◆ **EXERCISE OBJECTIVE**: Could you restate word for word the lines running from the one with "En la carrera" to the end of the data, both ends included, but without pictures?

◆ **PROVIDED DATA**:
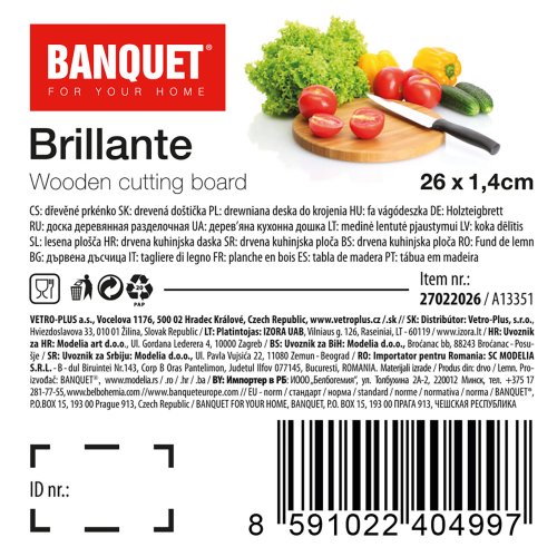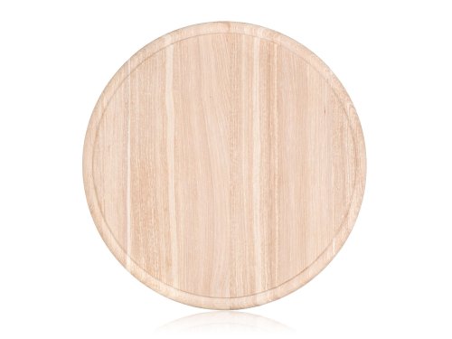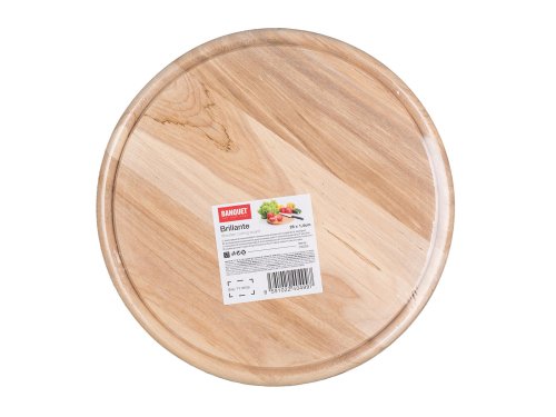 Drevená doštička vyrobená z brezového dreva. Doska má okrúhly tvar s drážkou po okraji, výška dosky je 1,4 cm. Tradičný prírodný materiál na prípravu potravín je určený pre tých, ktorí dávajú prednosť drevu pred plastom.
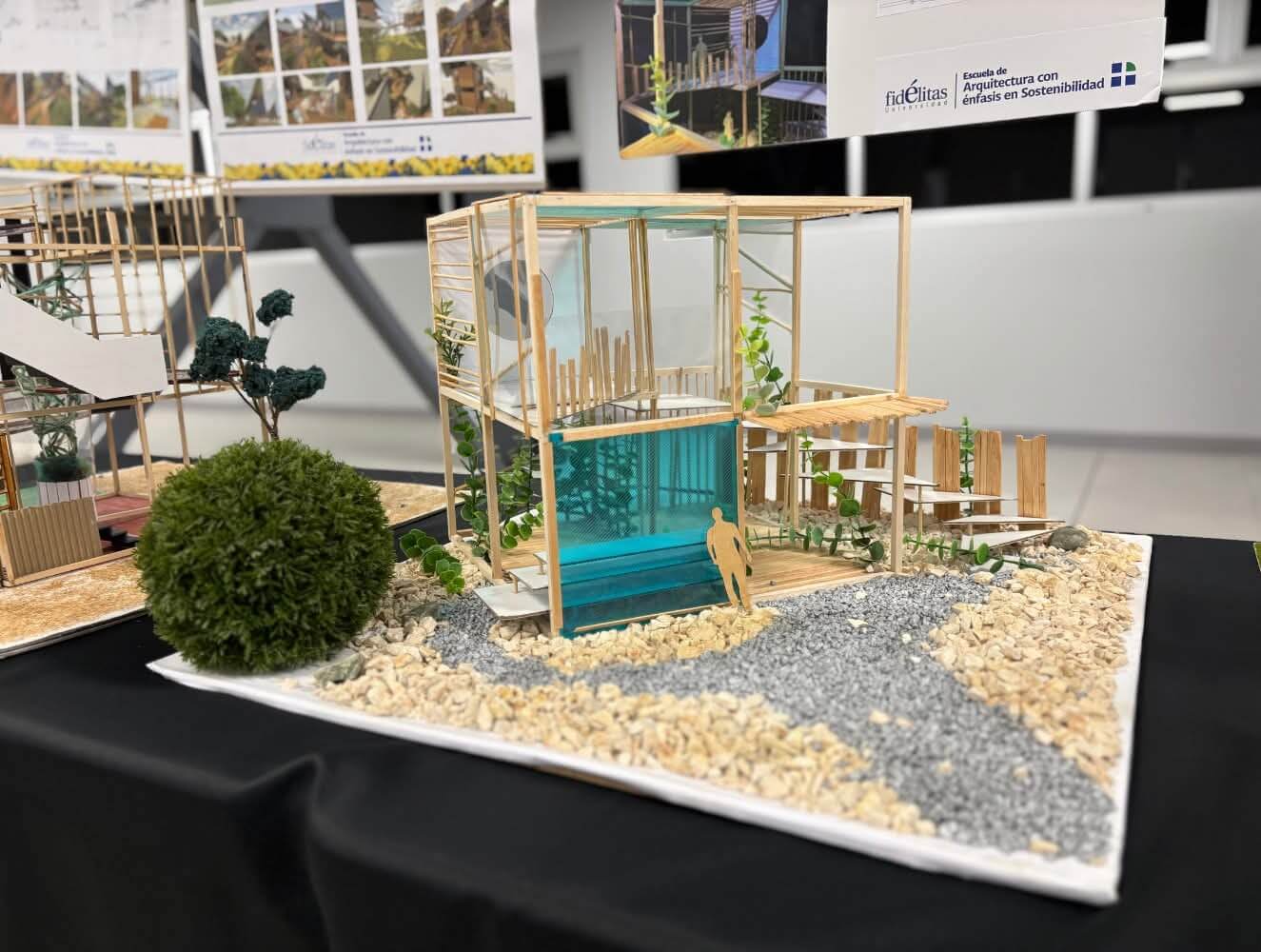 En la carrera de Arquitectura con énfasis en Sostenibilidad de U Fidélitas, única en Centroamérica, los estudiantes trabajan mediante la Metodología STEM, integrando diseño, tecnología y sostenibilidad en sus maquetas y proyectos arquitectónicos, lo que les permite fortalecer sus habilidades esenciales y su conocimiento en arquitectura verde y sustentable.
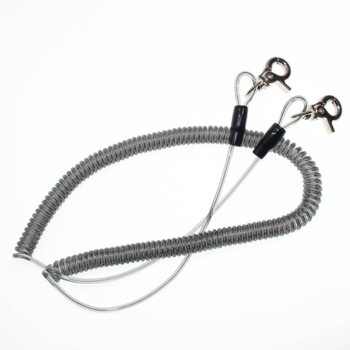 【送料無料】ワイヤー芯入りカールコード 尻手ロープ スパイラルコード 最大伸長3m×2本セット 釣り道具や工具等の落下防止に!

◆ **RESPONSE**:
 En la carrera de Arquitectura con énfasis en Sostenibilidad de U Fidélitas, única en Centroamérica, los estudiantes trabajan mediante la Metodología STEM, integrando diseño, tecnología y sostenibilidad en sus maquetas y proyectos arquitectónicos, lo que les permite fortalecer sus habilidades esenciales y su conocimiento en arquitectura verde y sustentable.
 【送料無料】ワイヤー芯入りカールコード 尻手ロープ スパイラルコード 最大伸長3m×2本セット 釣り道具や工具等の落下防止に!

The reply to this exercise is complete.